Dual Luciferase Reporter Assay
A dual luciferase reporter assay was conducted in Nicotiana benthamiana leaves according to a previous report (Espley et al., 2007). Upstream regions from the ATG start site of four peach genes, DFR (1.6 Kb), LAR1 (1.4 Kb), ANR (1.9 Kb), and UFGT (2.5 Kb), were isolated and inserted into multiple cloning site of vector pGreen 0800-LUC (Hellens et al., 2005). All the constructs were transformed into Agrobacterium tumefaciens GV3101, and incubated at 28°C for 2 days. The confluent bacteria was resuspended in infiltration buffer (10 mM MgCl2, 0.5 μM acetosyringone) and incubated at room temperature without shaking for 2 h before infiltration. Transient transformation was conducted by mixing 100 mL Agrobacterium strain GV3101 culture transformed with the reporter cassette with 450 μL Agrobacterium culture transformed with a cassette containing PpMYBPA1, PpMYB7, PpbHLH3, or PpbHLH33 fused to the 35S promoter. All analyses were repeated at least four times using biological replicates. The ratio of LUC to Ren activity was measured 3 days after infiltration using Dual-Glo® Luciferase Assay System (Promega Corporation, Madison, WI, USA).

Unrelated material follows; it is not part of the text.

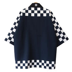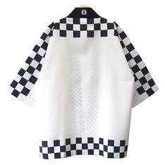 人気市松柄をバランスよく配した法被です。シンプルなデザインで様々な場面での着用をお楽しみいただけます。「Happi.Tokyo」オリジナルデザインです。

Firefly Luciferase Complementation Assay
Firefly luciferase complementation assay was conducted using N. benthamiana young leaves according to a previous report (Chen et al., 2008). The full coding region of PpMYB7 was inserted into binary vector pCambia1300-NLuc, while the full coding regions of PpbHLH3 and PpbHLH33 were inserted individually into pCambia1300-CLuc. The primer sequences are listed in Supplementary Table S1. Preparation and infiltration of A. tumefaciens were performed using the same protocol as described for dual luciferase reporter assay. Luminescence units were measured using an Infinite M200 luminometer (Tecan, Mannerdorf, Switzerland). Leaf disks (exactly 2 cm in diameter) were punched adjacent to the infiltration site and firefly luciferase activity was assayed using Steady-Glo® Luciferase Assay System® (Promega Corporation, Madison, WI, USA) according to the manufacturer’s instructions.

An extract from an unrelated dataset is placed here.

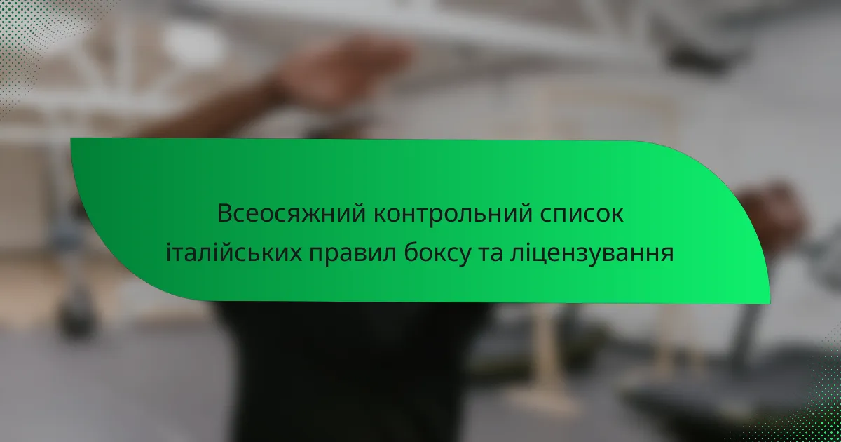 Італійські правила боксу є важливими для забезпечення цілісності та безпеки спорту, охоплюючи такі сфери, як ліцензування, вагові категорії та просування подій. Ознайомлення з цими правилами є життєво важливим для спортсменів, промоутерів та тренерів, щоб ефективно орієнтуватися в конкурентному середовищі. Цей комплексний контрольний список описує необхідні кроки та вимоги для дотримання італійських стандартів боксу.

Quantification of Flavan-3-ols in Peach Fruits
Peach fruit sample was ground into fine powder, and 10 mg of powder was added to 1 mL of 70% (v/v) acetone containing 0.1% (w/v) ascorbic acid. The mixture was incubated at room temperature for 24 h in darkness. The extract was centrifuged and the supernatant was transferred to a 1.5 ml microcentrifuge tube. The extract was purified by adding equal amount of chloroform and the supernatant was collected. The solvent was evaporated, and the extract was resuspended in 500 μL of water/methanol (1:1, v/v). PAs were quantified using high-performance liquid chromatography (HPLC) according to our previously reported protocol (Liao et al., 2015). Briefly, the HPLC Separation was performed on a Hisep C18-T column (5 μm, 4.6 mm × 150 mm; Weltech, Co., Ltd., Wuhan, China). The PAs were observed under UV detector at 280 nm and determined according to retention time of standards, including catechin and epicatechin (Sigma). All analyses were repeated three times using biological replicates.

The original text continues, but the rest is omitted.